Monday, June 6, 2011

Avengers: Earth's Mightiest Heroes


Jared and I have been watching the new Avengers animated series, Earth's Mightiest Heroes. I enjoy it more than I expected I would, not being a huge fan of the Marvel characters. The representations of all the characters feel reasonably authentic, and they are doing a good job of balancing how things worked and went in the comics with the restrictions inherent in translating it all to a half-hour kids' television show. The art is in general very good, especially on the men. They have managed to accurately represent the characters and keep their physical dimensions imposing and powerful without verging into Liefeld territory. Tony's design is excellent, and I really like how they've depicted Steve, Hank, and Nick Fury as well. (I think the rarely-seen Bruce Banner looks like a cancer patient with a mullet, but I'm okay with that.) The women look good too, I guess, but I'm slightly irked by how they all look alike to me, lots of tall thin modelesque creatures with different hair and color palettes.

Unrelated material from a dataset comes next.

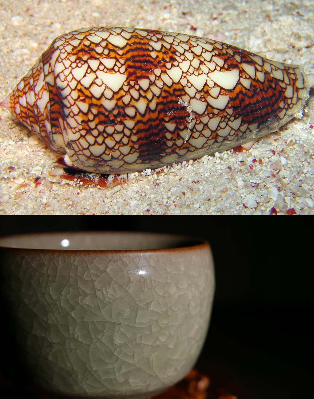 混沌是自然界更为常见的一种规律。混沌貌似无序,但是还没有达到完全无序的状况(特别是在某种条件约束下的混沌)。某些贝壳表面貌似无序的花纹和烧制后带有碎纹的瓷器有异曲同工之妙。

At least Wasp, the most prominent female character in the series, is a little distinctive. The animation quality is high, and even the most complicated fight scenes are well-choreographed and visually well-expressed. The voice acting is solid if not necessarily fantastic; I don't like the guy they have playing Iron Man though not for really any good reason, and I'm not sure if they mean Thor's guy to be as hilarious as I find him, but Cap's guy sounds exactly like I always imagined Cap sounding in my head. So all in all, a well-put-together piece of television that I am enjoying watching.

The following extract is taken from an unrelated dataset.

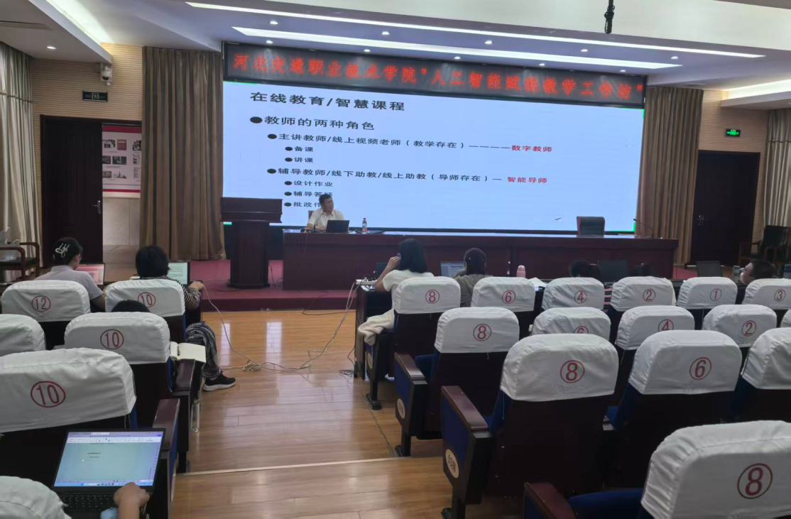 为深入贯彻落实党的二十届三中全会及全国教育大会精神,扎实推进《教育强国建设规划纲要(2024-2035年)》关于人工智能与教育深度融合的战略部署,河北交通职业技术学院于2025年9月27日在主校区实训楼D座一楼报告厅成功举办“人工智能赋能教学工作坊”专题培训。学院各专业(群)带头人、骨干教师,部分系部、分院主任、副主任及教务处全体人员参加培训。
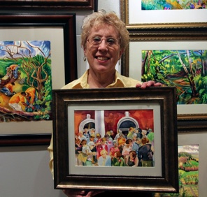 Linda with painting, "The Reunion" at the Kodner Gallery of Fine Art

The only real problem I have with the show is that while they've got all this high-quality production stuff going on, the show is about ninety percent fight scene and only ten percent character anything. I guess that's to be expected in a modern kids' action show about superheroes (read: aimed at little boys), and don't me wrong, I enjoy battle scenes too, particularly ones as well done as they have... but frankly I find that stuff less interesting than character development and there's precious little of it happening there. I wanted to see Tony's cavalier, self-centered confidence get him into trouble with the people who care about him, and watch Steve struggle to adapt to a society with completely different social mores than the 40's had. I know, I know, I'm such a woman. ;-) But I feel other superhero shows, like our favorites from the nineties, were better at striking the balance between cool action and real character. I guess modern sensibilities don't expect kids to want that stuff, which makes me sad. My favorite shows from when I was a kid (like Gargoyles, TaleSpin, and Batman: The Animated Series) still hold up for me to enjoy as a twenty-four-year-old, with genuine investment and not just nostalgia, because they nail that stuff. So it makes me a little sad that a show that seems capable of delivering good storytelling can't quite hit the most important part for me.